In recent years HVAC system has been applied widely to provide thermal comfort and maintain good indoor air quality (IAQ). These conditions also are essential for a quality, high performance environment. However, HVAC system design has been strongly influenced by increasing emphasis on indoor air quality (IAQ), energy conservation, environmental effects, safety, and economics. The relative placement of system component can significantly affect the thermal comfort and energy performance of the air handling system. To design high energy efficiency with human comfort HVAC Systems, it is necessary to gather the detailed information about the behaviors of the air flow in both the spaces and the rooms of the building. The fundamental information concerning the flow comprises air velocity, temperature, relative humidity, and species concentrations. All these parameters are important in assessing thermal comfort and indoor air quality. The conventional design of ventilation systems normally relies on valuable know-how, empirical formulas and past experience.
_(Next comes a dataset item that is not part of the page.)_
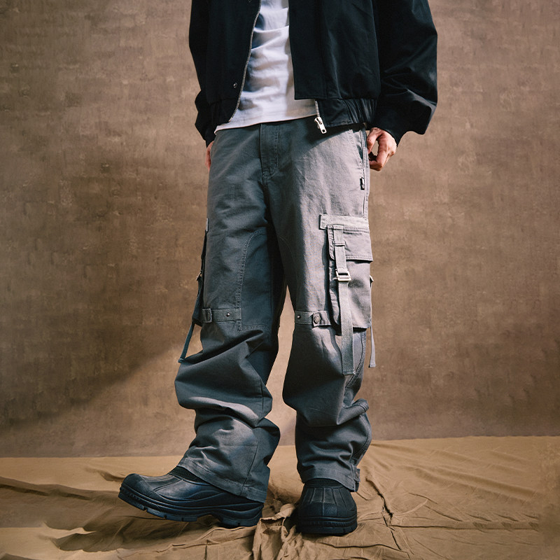 Remedy秋冬款飘带国潮宽松直筒多口袋休闲长裤美式复古工装裤子男
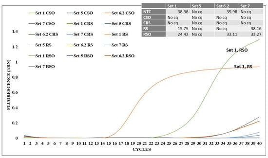 LAMP primer set analysis against the integrase region. Four LAMP primer sets were generated against the integrase-coding region, named in this figure as Set 1, Set 5, Set 6.2, and Set 7. HEK293 cells were transfected with HIV-1 NL4-3 isolate. The supernatant of the transfected HEK293 cells was used to infect RevCEM-D4 cell cultures. The primer sets were tested against cells and supernatant, or supernatant only from RevCEM-D4 D4 cells. NTC—No template control; CSO—Control RevCEM-D4 cells, supernatant only; CRS—Control RevCEM-D4 supernatant and cells; RS—RevCEM-D4 supernatant and cells; RSO—RevCEM-D4 supernatant only.

Although practical knowledge and basic methods provide successful solutions, this type of engineering cannot take into account specific air flow patterns which are affected not only by the positioning of openings and exhausts in a room, but by the distribution of objects and energy sources as well. Consequences related to the absence of these elements include over-designing and unnecessary cost

Subtask 1 will conduct a review of the scientific and trade literatures to evaluate what have been reported from field investigations and compare with results between experimental and numerical studies. In Subtask 2 the design of geometry and mesh generation for different types of CAD-VAV and UFAD Systems will be established. In Subtask 3 CFD models and numerical analysis on 3-D air flow and thermal performance will be performed. In Subtask 4 will analyze energy efficiency and thermal performance of CAD – VAV and UFAD systems based on numerical data.

Major Sub-awardees

This project is being executed by the University of Nevada, Las Vegas. The Principal Investigator is Yitung Chen, Ph.D., Associate Professor.
This project was initiated October 1, 2005 and will be completed in 12 months.